The paintings on display are populated by disturbing figures, distorted bodies, and ambiguous interiors. While echoes of Surrealism are evident, they are stripped of dreamlike softness and replaced by a dense, almost claustrophobic tension. Painting becomes an emotional field, where color operates as psychological matter. The watercolors — often monochrome or dominated by deep reds, nocturnal blues, and sudden flashes of yellow — intensify this introspective atmosphere. Presented in frames designed by Lynch himself, they suggest that even the exhibition apparatus is part of the artwork, reinforcing the idea of a total visual experience.
Breaking the two-dimensional rhythm of the works on paper and canvas are three vertical lamp sculptures made of steel, resin, plexiglass, plaster, and wood. Hovering between design object and theatrical device, they introduce a strong physical presence into the gallery space. The light they emit feels artificial and unsettling, recalling the suspended interiors and charged environments that populate Lynch’s films. Here sculpture functions as an emotional machine — a three-dimensional extension of his visual language.
A key section of the exhibition is devoted to the Factory Photographs, a series of images Lynch took in Berlin in 1999. Chimneys, abandoned factories, broken windows, and obsolete machinery become the subjects of a photographic investigation that goes far beyond urban documentation. What draws Lynch in is the emotional aura of these places, their degraded beauty, their ability to condense memory and unease. These industrial ruins are transformed into inner landscapes, psychic surfaces projected onto the city.
It is no coincidence that Berlin reappears as a backdrop. Marked by deep historical layers and suspended between industrial legacy and cultural reinvention, the city has long represented an affinity for Lynch — a territory where residue and transformation coexist naturally. Viewed today, these photographs also read as an emotional map of post-industrial Europe, filtered through the gaze of an artist fascinated by the architectures of the subconscious.
Lynch’s career as a visual artist is extensive and well established: from his solo show at Leo Castelli Gallery in 1989 to the major retrospective The Air Is on Fire at Fondation Cartier in 2007, which later traveled to Milan, Moscow, and Copenhagen; and from there to Someone Is in My House at the Bonnefanten Museum in Maastricht in 2018, the most comprehensive presentation of his work to date, featuring over 500 pieces. The Pace Berlin exhibition enters this lineage with a more intimate scale, offering a less monumental and more material-focused portrait of Lynch — one centered on process, texture, and the fragility of making.
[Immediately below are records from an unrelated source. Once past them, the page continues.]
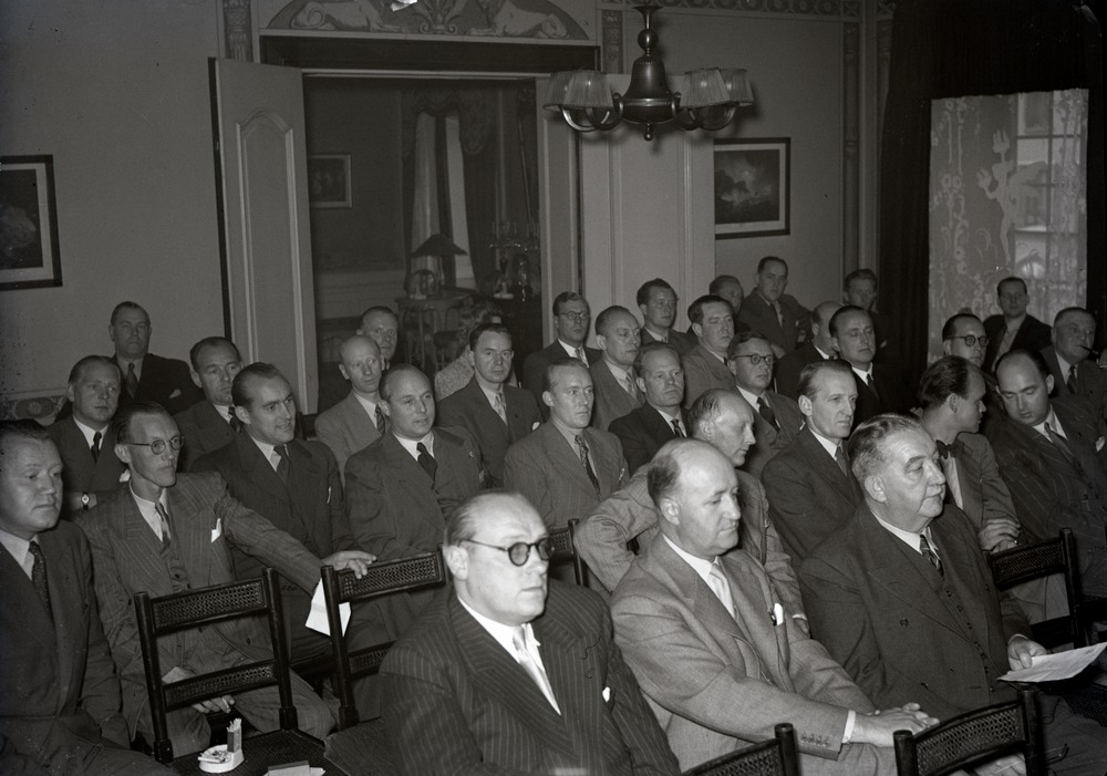 Ett större antal män sitter på fem stolsrader, alla är vända åt samma håll, under Skånes konditorförenings möte på Grand Hotell 1944.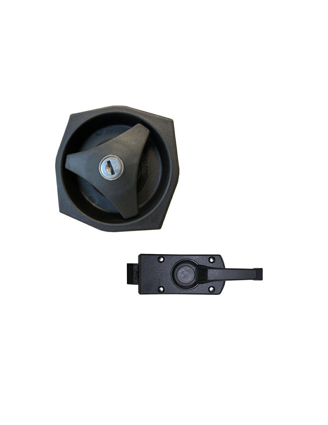 Série FAP 1033, serrure de porte de cellule série EUROPA, équipée d'un mécanisme à levier interne avec cylindre et clés traditionnelles. Partie extérieure 103310HZ51PE Partie interne 1006A551PI Distances des trous : 64 x 38 mm. Dimensions extérieures : 56 x 120 mm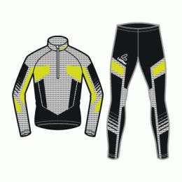 Hochelastisch, schnell trocknend, atmungsaktiv, Allover-Druck, Mesheinsätze unter dem Arm, Stehkragen, extralanger Frontzip, langarm, offener Arm- und Bundabschluss, lange Hose mit Bundweitenregulierung.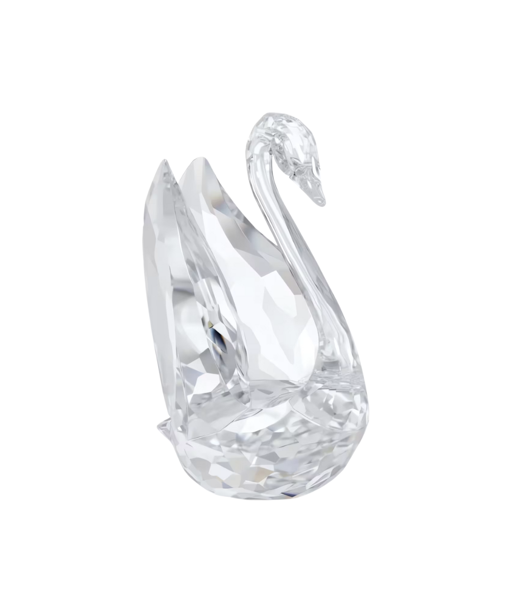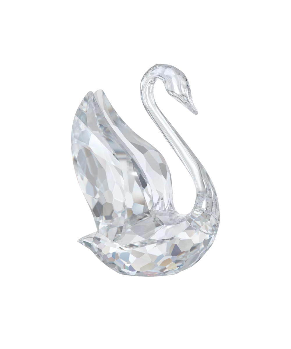 This large decoration piece is inspired by the new Swarovski Swan logo. Designed by Martin Zendron, it is crafted purely from clear crystal with 349 facets, with the Swan's head and neck shaped to form an elegant 'S' for Swarovski. Looking towards the future, with its wings lifted and ready for take-off, this impressive design celebrates the brand's unique craftsmanship and heritage in a modern and sophisticated way. Decoration object. Not a toy. Not suitable for children under 15.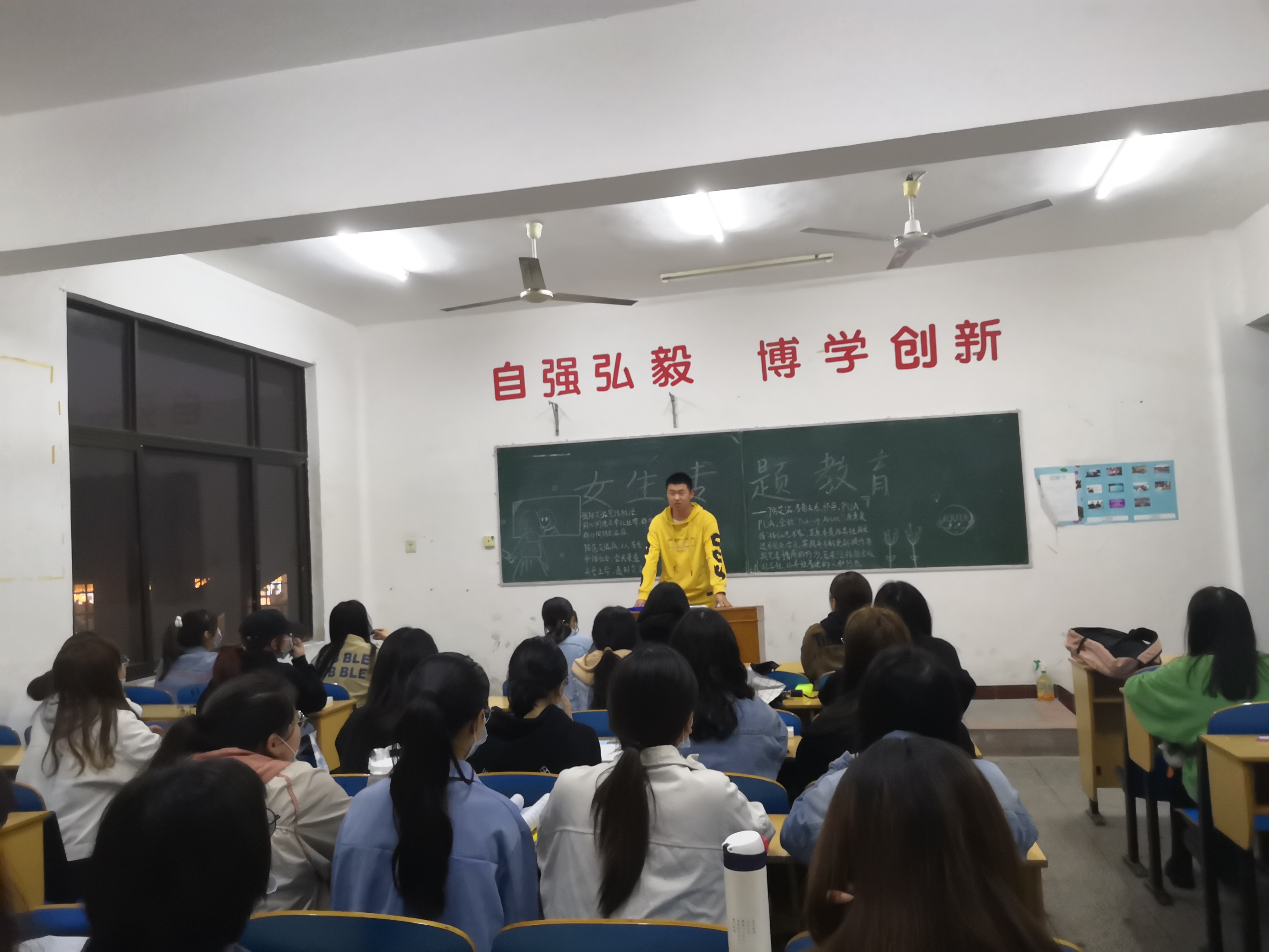 班委强调防多角关系、防意外怀孕、防艾滋病的必要性,女老员工容易遭受欺骗,经不起诱惑,理应对女生进行安全教育。班委还分析了女生青春期的生理与心理变化特点,并教育女生要正确看待和处理出现的变化,同时给出具体的建议和指导。采用大数据与案例分析,对女生进行了自尊自爱与加强自我保护意识的教育。

Within this exhibition, painting, photography, sculpture, and moving image exist without hierarchy, forming a cohesive portrait of an artist who has always approached art as a space of inner exploration. Rather than celebrating the myth of the filmmaker, the Berlin show foregrounds Lynch’s quiet labor as a visual artist: a continuous investigation into the shadow zones of perception, where each work becomes a threshold between what is seen and what remains hidden.